By the end of seven-year follow-up, 4.3% (95% CI 2·9—6·5) of bariatric surgery patients and 16.2% (13·3—19·6) of matched controls had developed diabetes and the incidence of diabetes was 28.2 (95% CI 24·4—32·7) diagnoses per 1,000 person-years in controls and 5.7 (4·2—7·8) per 1,000 person-years in bariatric surgery patients.

Figure 1: Incidence of type 2 diabetes in patients undergoing bariatric surgery and in matched controls during 7 years of follow-up

“In a large population-based cohort of obese patients undergoing bariatric surgery by contemporary methods, the risk of developing type 2 diabetes was reduced by 80% over a maximum of seven years of follow-up compared with controls who did not undergo surgery,” the authors note. “Our study is perhaps the first large-scale pragmatic study to assess the effect of current bariatric surgical procedures on diabetes incidence in the context of usual care settings (panel). Even in patients seen in routine clinical practice, our results show that modern bariatric surgical procedures have particular effectiveness for diabetes prevention in obese patients.”

Compared with controls, the unadjusted hazard ratio for development of diabetes in bariatric surgery patients was 0·20 (95% CI 0·14—0·30; p<0·0001). Multivariable adjustment for baseline characteristics had a “negligible effect on the size of the estimated hazard ratio”. The fully adjusted hazard ratio for bariatric surgery was 0·20 (0·13—0·30; p<0·0001).
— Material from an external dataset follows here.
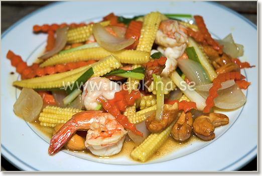 Räkor med grönsaker och cashewnötter.

“Our findings, together with those of previous studies suggest that bariatric surgery could be a highly effective method for prevention of diabetes in patients with severe obesity,” the authors conclude. “How should surgery for obesity be integrated into strategies for control of obesity and prevention of diabetes in the population at risk? Further research is needed to understand the outcomes of different levels of uptake of obesity surgery, and the long-term effects for patients who receive current surgical procedures for obesity.”

This research was funded by the UK National Institutes for Health Research (NIHR) Health Services and Delivery Research programme.